How do you upgrade Django without taking the platform offline?
The Strangler Fig pattern. A thin proxy routes traffic between the legacy codebase and the modernised modules. New routes ship behind feature flags, get validated against captured production traffic, then take over the route entirely. The legacy module is deleted only when telemetry shows zero traffic for two weeks. No big-bang cutover, no scheduled maintenance window.
Our Django app is slow. What's usually the cause?
In 80% of audits, the top three culprits are: N+1 queries hidden inside template loops or DRF serialisers, missing composite indexes on hot tables, and synchronous third-party HTTP calls inside request handlers. We profile production traffic for one week, sequence fixes by impact-vs-effort, and ship them behind feature flags so wins (and any regressions) are visible immediately. Our Django performance article walks through the specific patterns.
Do you do rescue work on multi-tenant Django databases?
Yes. We've untangled both schema-per-tenant and row-level-tenancy systems. The most common failure modes are: cross-tenant data leaks via missing tenant filters in custom managers, lock contention from per-tenant migrations, and query-planner regressions as some tenants grow 100× larger than others. We diagnose, contain, and ship a path to safe multi-tenancy without a rewrite.
How do you avoid regressions during refactoring?
Before any change, we build an automated regression harness that captures production inputs and outputs for the affected code paths. Every refactored module must produce byte-identical responses for the captured traffic before it ships. We treat production traffic as the ground truth — not the existing test suite, which is often the source of the original bug. See our Django testing article for the full methodology.

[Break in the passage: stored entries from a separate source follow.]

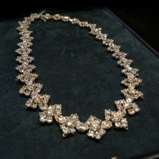 This platinum necklace comes with a fashionable and luxurious appearance. It is finely crafted with dazzling diamonds for a glamorous touch. This platinum diamond necklace will surely make you stand out from the crowd.
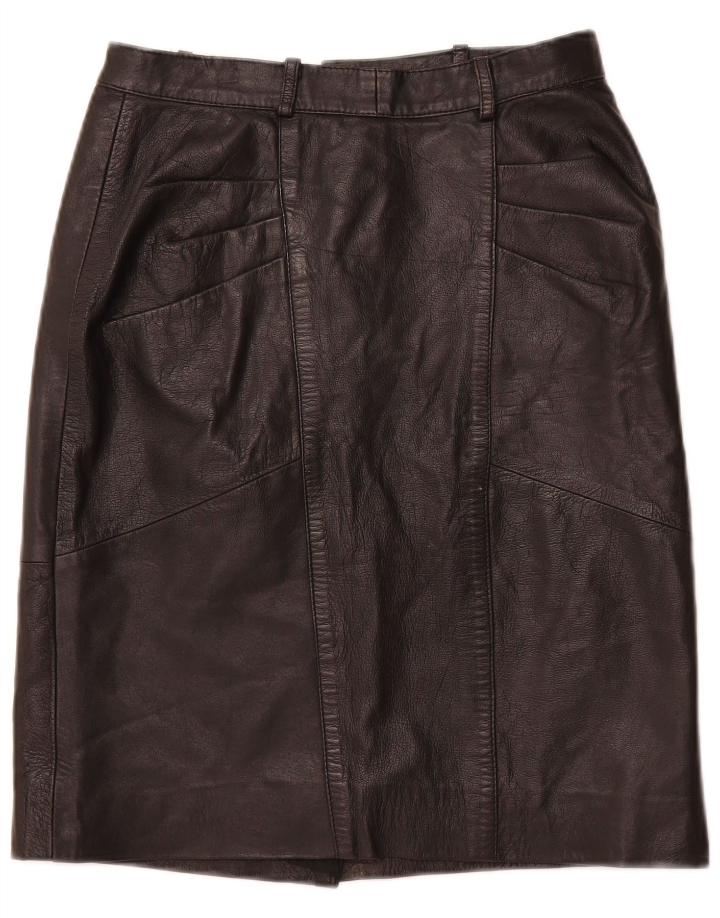 VINTAGE Falda de cuero de cintura alta para mujer IT 48 XL W28 Cuero negro
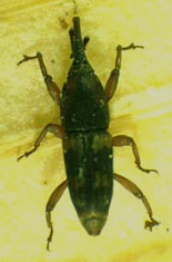 La diocalandra frumenti es un coleóptero que ataca taladrando a las palmeras. Sus huevos son depositados en las grietas de las raíces adventicias de la base del tallo, en la inflorescencia o en la base de los pecíolos. La larva se alimenta realizando galerías en hojas y fuste que serán el lugar de formación de las pupas. Los adultos tienen una longitud de 6 a 8 milímetros. Son oscuros, casi negros y tienen cuatro manchas más claras en los élitros. El tiempo desde la puesta de huevos hasta adulto es de 2,5 a 3 meses.
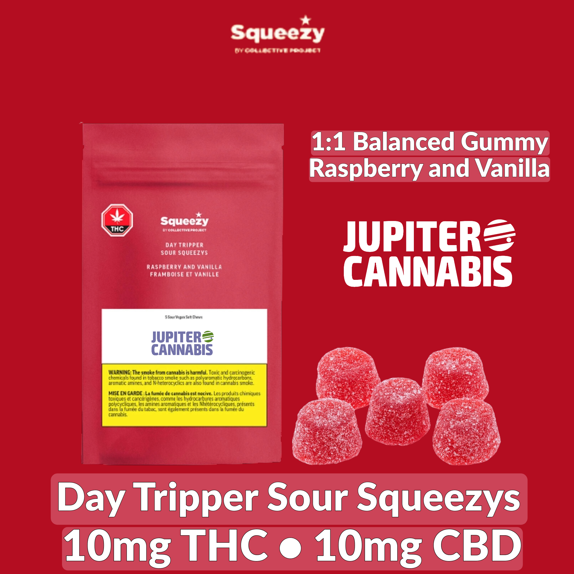 We took our favourite flavour combinations from our sparkling juices and jam packed them into our new line of soft chews. Collective Project sour soft chews are all built with a 1:1 dose. Inspired by our infused beverage, Day Tripper. Visions of warmer months, freshly picked raspberries and sweet vanilla ice cream will take hold with the first bite. These sour soft chews are dosed with 10 mg of THC and 10 mg of CBD.
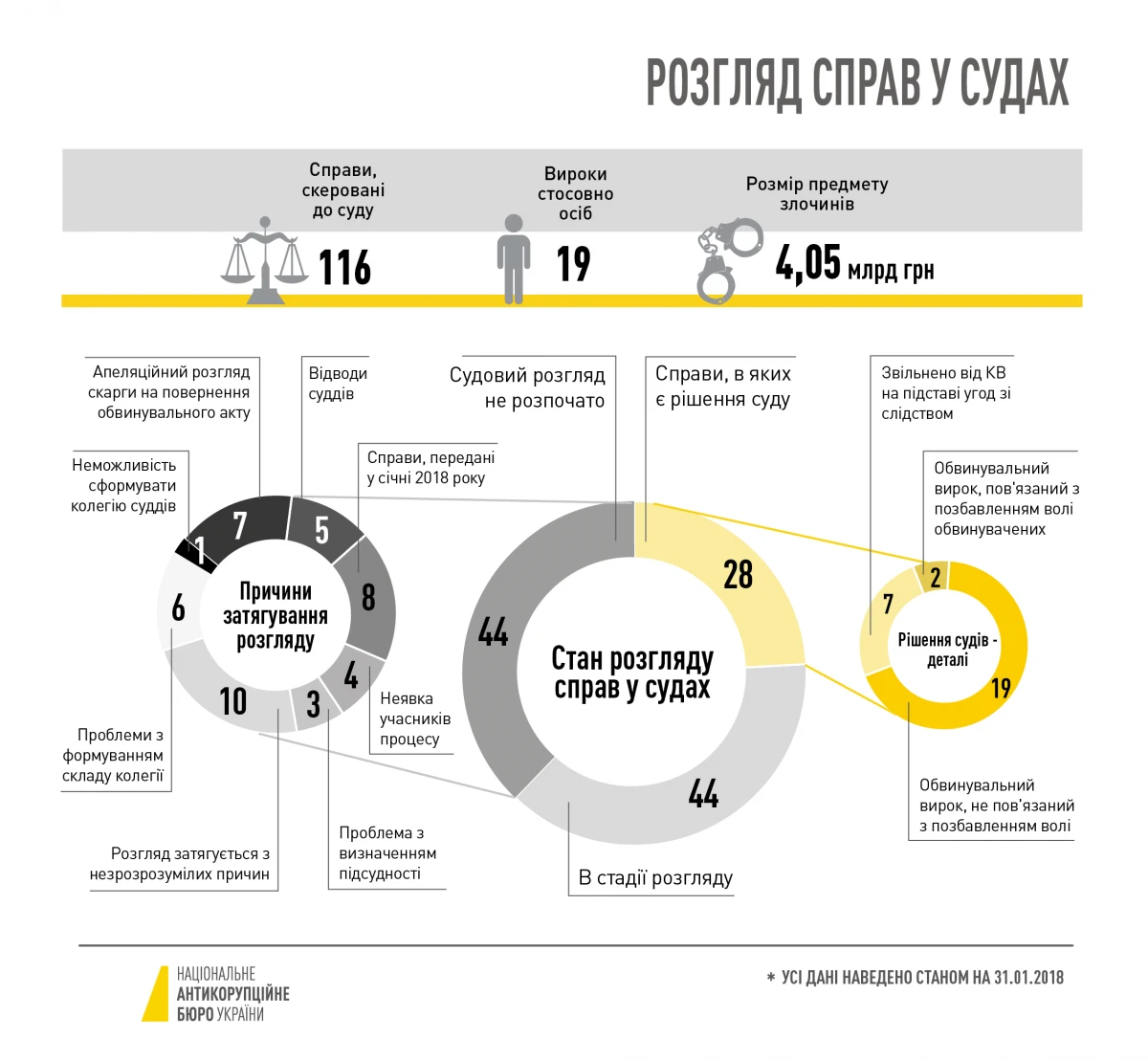 З-поміж 116 проваджень, в яких детективи Національного антикорупційного бюро України завершили досудове розслідування, а прокурори САП скерували обвинувальний акт до судових інстанцій, 44 справи залишаються без розгляду. При цьому, в деяких провадженнях підготовче засідання не може відбутися понад рік. Зокрема, у справі за фактом завдання збитків ПАТ «Державна продовольчо-зернова корпорація України» 29 січня 2018 року чергове підготовче засідання не відбулося у зв’язку з відводом суддів, а дата наступного засідання не визначена.
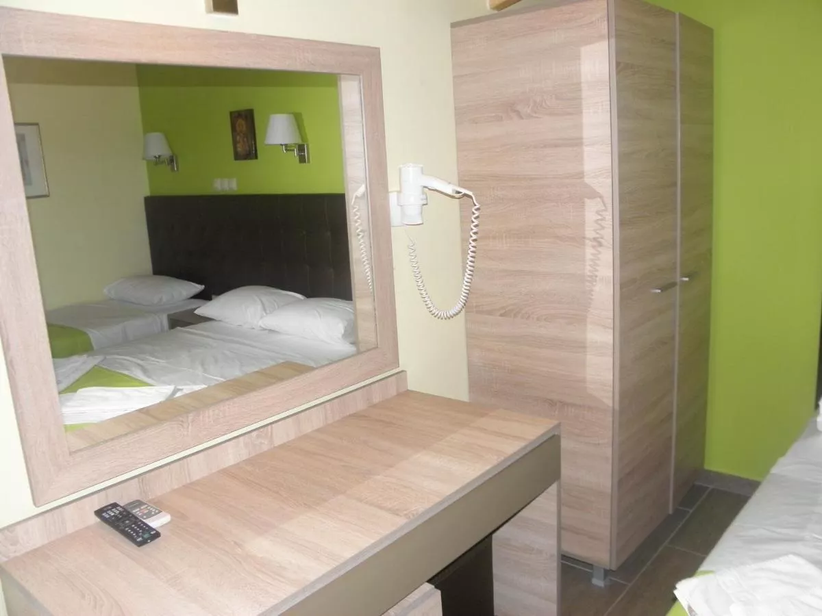 Dimensiuni: 18 mp Numar de camere: 1 camera The triple room features a safe deposit box, a tiled floor, as well as a private bathroom boasting a shower and a hairdryer. This triple room is air-conditioned and has a flat-screen TV with satellite channels, soundproof walls, a tea and coffee maker and a wardrobe. The unit has 3 beds. Baie privată cu duș
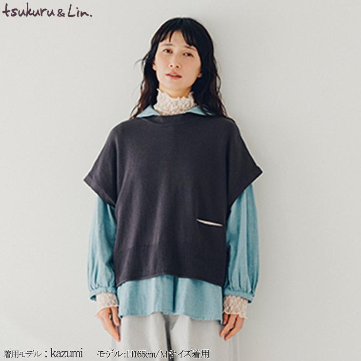 レディース ポケット付ニットベスト(tsukuru&Lin.)
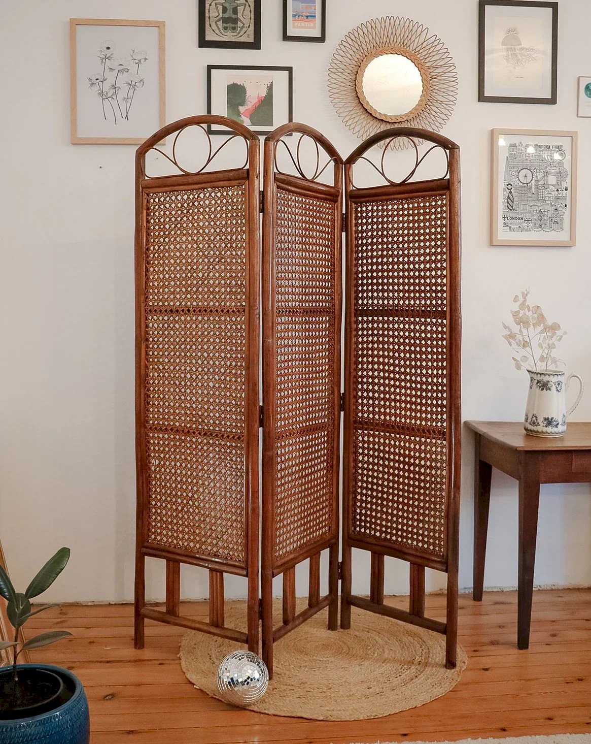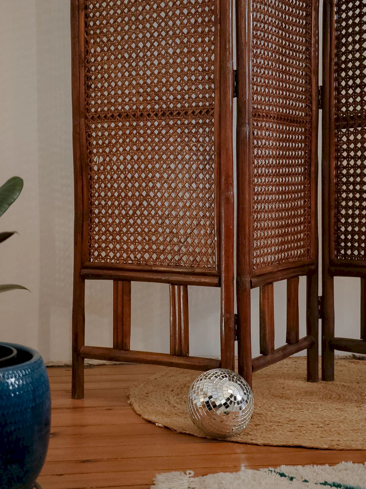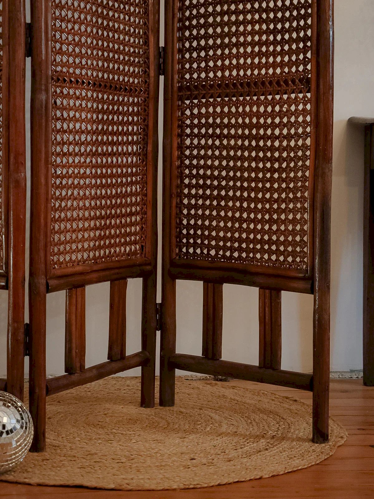 Invitez ce paravent en rotin et cannage au style années 60/70, qui apporte une note chaleureuse et naturelle à votre intérieur. Ses trois vantaux articulés offrent une séparation modulable, idéale pour créer une alcôve intime ou délimiter un coin bureau sans alourdir l'espace, tandis que le cannage laisse filtrer la lumière pour une ambiance douce. Son allure vintage insuffle caractère et équilibre à une décoration contemporaine. Longueur : 135 cm Largeur : 3 cm Hauteur : 165 cm Largeur des vantaux : 45 cm État:Occasion: Objet ayant été utilisé. Objet présentant quelques marques d'usure superficielle, ...Occasion: Objet ayant été utilisé. Objet présentant quelques marques d'usure superficielle, entièrement opérationnel et fonctionnant correctement. Il peut s'agir d'un modèle de démonstration ou d'un objet retourné en magasin après une courte période d'utilisation. les éventuelles imperfections. Marque:Debongout Type:Produit chiné Matériau:Rotin Style:Campagne
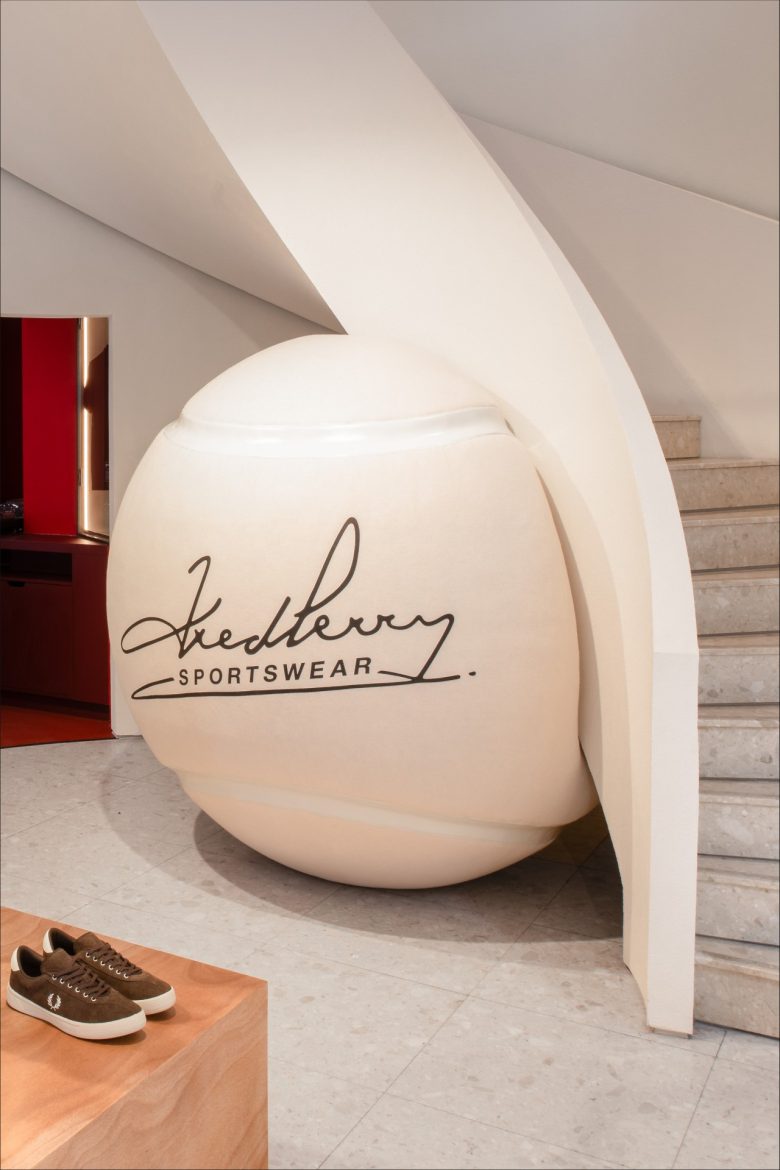 The glass bricks are overlaid by tiered shelving displaying Fred Perry shirts, the brand’s most iconic garment. A giant tennis ball as a base of the staircase leading to the first floor adds a whimsical note to the setting. Fred Perry‘s iconic logo, the laurel leaf, adorns the window in enlarged, neon form. Upstairs, a light-filled setting presents more apparel interspersed with artsy, brand-inspired installations. Additionally, an archive wall and exhibition-like setting provide shoppers engaging brand storytelling through digital and static graphics, light boxes and archival products. The new Fred Perry store stocks men’s apparel, accessories, and shoes. © superfuture
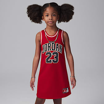 Tenemos lo que necesitas: un vestido Nike para niñas de preescolar hecho con tela suave y un corte amplio. Prueba combinar el vestido con unos shorts o unas mallas si tu pequeña quiere tener más cobertura y sumar algo a su estilo.
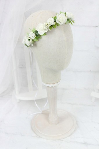 Piękny i wyjątkowy wianek komunijny, wykonany z kwiatów różyczek w odcieniu ciepłej bieli oraz eleganckich zielonych dodatków traw, idealnie wpisujących się w obecne trendy.
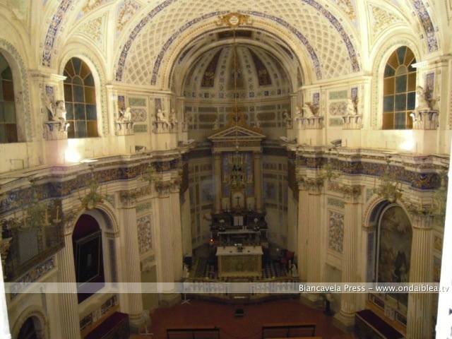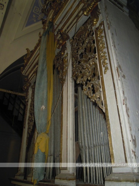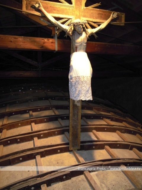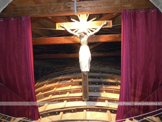 Passando dall’antico organo della chiesa, si sale al piano superiore, ovvero la parte sopra la cupola. Qui, una sorta di spettacolo si apre agli occhi di chi guarda: un sipario rosso che aprendosi “regala” una riproduzione a due dimensioni del “Cristo in gonnella” di Burgos. Per la gonnella è stato utilizzato un abito sacerdotale bianco.
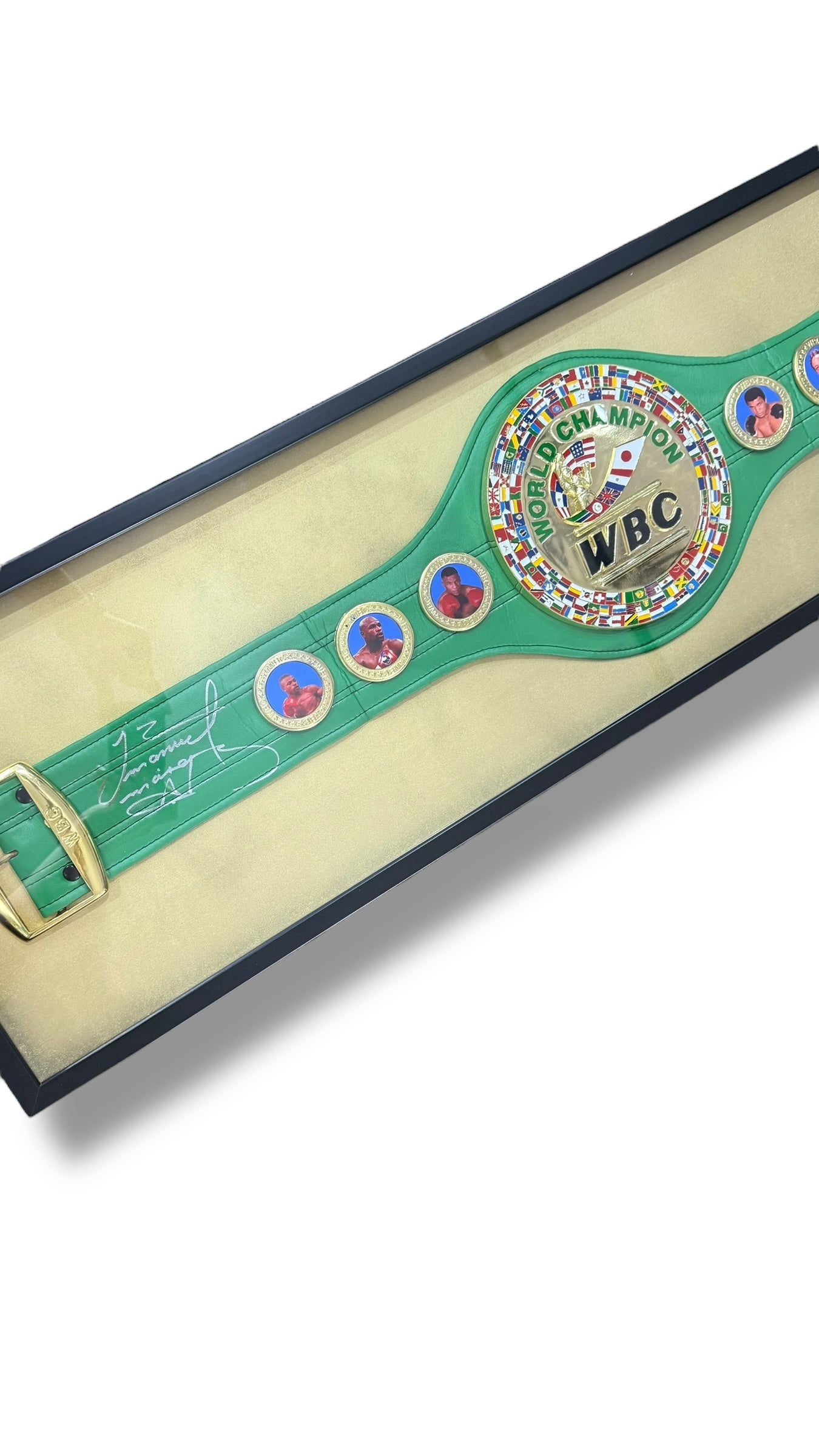 Cinturon de Box enmarcado tamaño real 1:1, autografiado por Juan Manuel Márquez.
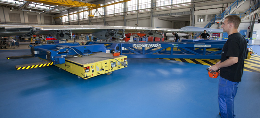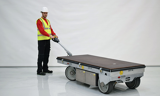 Solving的定制轮式搬运机特别适合于重载处理。自调平轴确保车轮始终始终均匀地加载并始终与地板接触。

Can you integrate AI features (RAG, agents) into our existing Django platform?
Yes — that's how our Applied AI practice works. We don't recommend a parallel Node service for AI: we embed AI directly into your Django ORM (pgvector, Celery, LangGraph) so embeddings, prompts and tool calls share the same domain model as the rest of your application.
What's the typical engagement length and team shape?
Most rescue engagements run 3–6 months on a rolling monthly cadence. The default squad is one lead engineer plus one specialist (database / security / async / frontend, depending on the brief). We work alongside your in-house team, not in a silo, so knowledge transfer is continuous rather than dumped in a final handover.